The only thing I can think of here is that lightly cleaning the cylinders with AN30 just completely ruined them. Which seems pretty odd given that others have done the same thing with good results and it didn’t seem to do much. Oh well, it was sort of an experiment and I did it so you don’t have to. Or maybe the the WPC treatment on the pistons is causing issues. All cylinders seem to be about the same so it doesn’t seem like some localized assembly error.

Anyways the motor is most likely f**ked and I need to figure out what to do about it. Unfortunately the easy options like the intake and PCV are all good.
 
That’s sort of my last ditch plan. I filled it with some conventional 10w40 earlier and am just going to hammer on it for the next few hundred miles.
You don't have to "hammer" on it to seat the rings. Over revving a newly rebuilt engine can cause irreparable damage until parts have lapped to their mating parts. Bearings to journals; Cam lobes to shims, etc. I know, with your obvious accomplishment with machines, you know this.

Seat rings by "lugging". That is, use too high a gear and slowly increase pressure on the accelerator to over pressure the cylinders. Don't allow RPM to climb.
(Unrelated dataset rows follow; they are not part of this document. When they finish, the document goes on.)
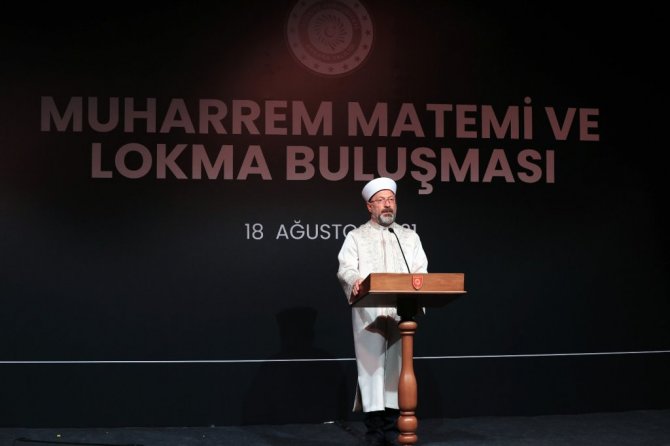 Hicri 61 yılında Hazreti Hüseyin ve beraberindeki 72 müminin, Kerbela'da hunharca şehit edildiğini belirten Başkan Erbaş, "Bu elim hadise, Allah'a ve O'nun kutlu elçisine iman eden bütün müminlerin kalbinde derin yaralar açmış, İslam dünyasını yasa ve gözyaşına boğmuştur. Alvarlı Muhammed Lufi Efendinin ifadesiyle; "Sahrâ-yı Kerbelâ kan gülistânı/Bozuldu risâlet bâğ u bostânı/ Ehl-i beyt'in soldu bahâristânı/ Ahmed ağlar, Mahmûd ağlar, Hızır ağlar" ifadelerini kullandı.
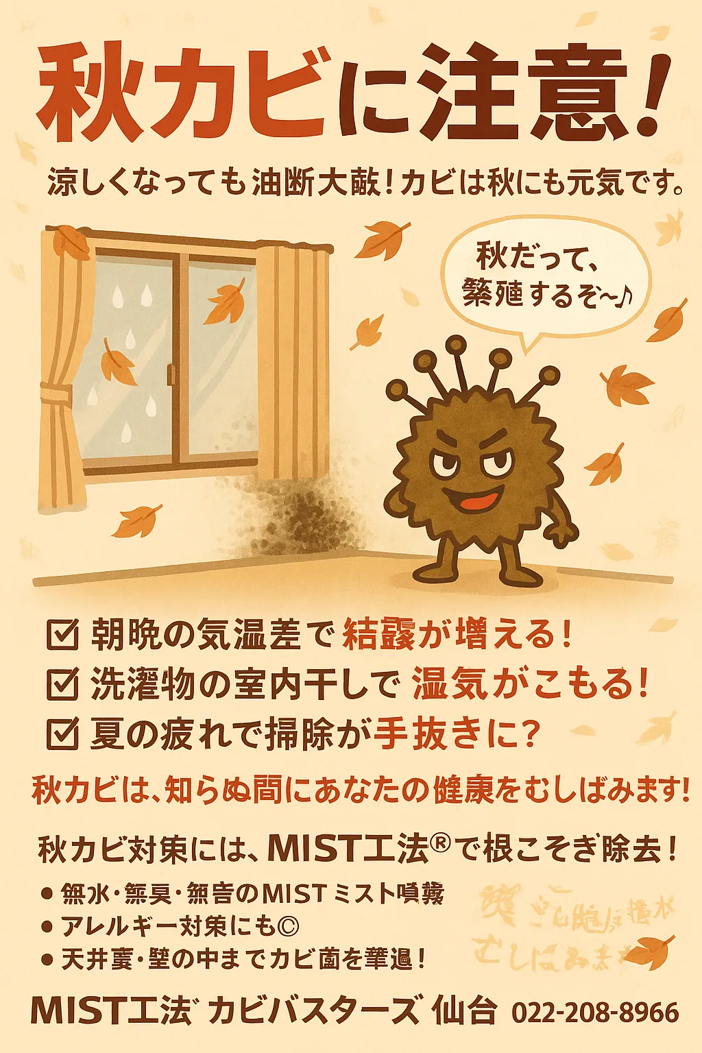 皆さま、こんにちは。MIST工法Ⓡカビバスターズ仙台の稲垣です。
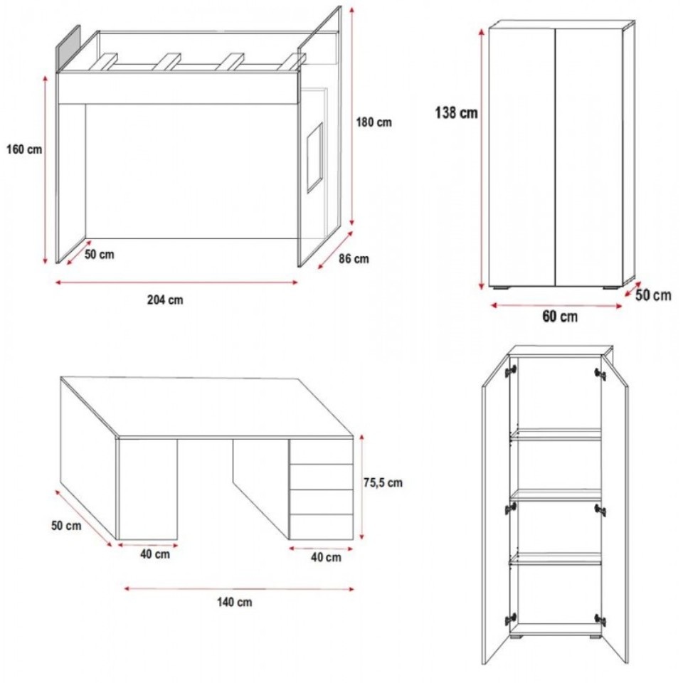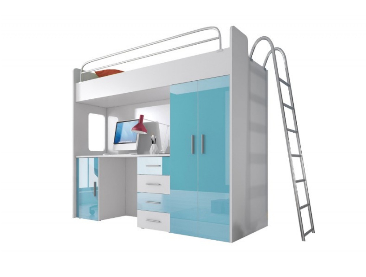 Blau Doppelstockbett Holz Etagen Bett Mädchen Hochglanz mit Schreibtisch Schrank

Then, drive normally to let the engine cool.

Take a deep breath, think about it and trust yourself. This problem may turn out to be something more simple than your first guess at the problem.

I have always heard guys, who know little about engines, recommend red-lining to "blow out the carbon" and get an engine running smoothly. I have never thought this to be a valid way to fix anything. Normal RPM ranges, accomplish the goal over time, without risking overcoming the oil film and forcing mating parts into metal to metal contact. Have you checked compression/ leakdown, to determine how the rings are performing?
 
Dang. That doesn't look good. Do all cylinders look about the same on the scope? I'm shocked you're not fouling the plugs yet.

Let's see what insight @herrubermensch might have.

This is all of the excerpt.